As business is gradually returning to a more normal state, orders for hockey stick graphics and new arena rink boards demonstrate a “welcome back” to regular demand print operations experienced prior to the pandemic.
What was Roland DGA’s total Canadian sales revenue for 2021? Do you anticipate increased sales revenue for 2022? What about looking forward to 2023…what kind of year are you expecting from a sales standpoint?
Roland DGA’s sales revenue in Canada for 2021 was $11.2 million USD – $9.5 million for our digital imaging products plus $1.7 million in dental product sales. It looks like we will show marginal gains this year, and we expect to see a reasonable increase in sales for 2023 as well.
We are anticipating additional products directed towards the SOHO sector, which will help us expand our presence in this market. There are new customers out there for our current products also – we just need to find them.
We recently hired a new sales manager who will be concentrating exclusively on these home-based businesses. She is already having success in building a support community for these types of customers. We thought we were aware of all the relevant industry trade shows in North America: who would have known that there is an Anime Impulse Show at the Orange County Fairgrounds that attracts more than 10,000 attendees!
What are some of the challenges Roland DGA encounters in fulfilling Canadian customer orders through the North American headquarters, Roland DGA, based in California? Are there any cross-border requirements or obstacles you have had to overcome?
Freight costs have escalated over this past year, which has of course led to an increase in the cost of landed goods. For some reason, due diligence has been deteriorating with respect to ensuring that Commercial Invoice paperwork accompanies all shipments. This is a local issue, no doubt, but one that’s noticeably apparent and causing delays.
Supply chain problems have affected businesses all over the world, and based on reseller feedback, it has been estimated that we’ve lost about 15 percent of our overall Canadian sales due to these issues. Roland DGA’s parent company in Japan has been working feverishly to mitigate the problem, however the reality is that component shortages still hamper business.
How is the current jump in inflation impacting business for Roland DGA in Canada? What about supply chain issues?
Inflation is affecting everyone to one degree or another. Like people all over the world, Canadians are feeling the impact at the gas pump, grocery store, and when it comes time to pay the rent or mortgage.
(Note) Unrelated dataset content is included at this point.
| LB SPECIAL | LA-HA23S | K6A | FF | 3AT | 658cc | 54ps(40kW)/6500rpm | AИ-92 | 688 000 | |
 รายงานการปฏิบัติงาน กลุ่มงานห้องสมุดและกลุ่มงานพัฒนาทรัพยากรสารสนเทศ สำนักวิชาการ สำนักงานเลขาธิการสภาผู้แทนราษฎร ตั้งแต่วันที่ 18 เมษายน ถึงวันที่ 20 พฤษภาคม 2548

Every month, we circulate a Canadian MSRP Price List reflecting currency, shipping costs, and other important business metrics. We have had to increase these MSRP values twice in recent months. Unfortunately, in a few cases, supply chain issues have led to some of our multi-line dealers promoting competitive brands.
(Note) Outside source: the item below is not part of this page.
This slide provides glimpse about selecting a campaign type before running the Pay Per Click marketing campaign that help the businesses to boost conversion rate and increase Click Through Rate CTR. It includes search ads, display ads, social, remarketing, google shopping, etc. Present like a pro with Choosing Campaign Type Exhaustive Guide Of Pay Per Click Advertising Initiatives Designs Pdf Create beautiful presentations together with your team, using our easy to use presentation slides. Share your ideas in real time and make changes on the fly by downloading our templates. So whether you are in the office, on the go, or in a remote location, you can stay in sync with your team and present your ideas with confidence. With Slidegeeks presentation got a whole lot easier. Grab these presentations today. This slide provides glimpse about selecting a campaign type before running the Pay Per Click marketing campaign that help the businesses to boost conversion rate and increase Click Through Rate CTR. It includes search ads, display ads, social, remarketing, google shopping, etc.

The forecast for supply chain improvements is positive for 2023, however, so we are hoping these positive changes will materialize.
What about customer service/support throughout Canada; how are you able to supply Canadian customers with the kind of world-class service that Roland DGA is known for?
Our Canadian team is very responsive to calls from our dealer network as well as end users, answering calls from 8:00 a.m. to 8:00 p.m. EST on a typical weekly basis. Our Canadian dealers especially find that we are just as readily available, if not more so, than our U.S. counterparts. We do, however, seek assistance from the U.S. from time to time if we are unable to solve certain cases with our own resources – primarily online issues, which can be difficult and time-consuming to navigate. Our cross-border collaboration results in a seamless and timely response to most of our clients’ support needs.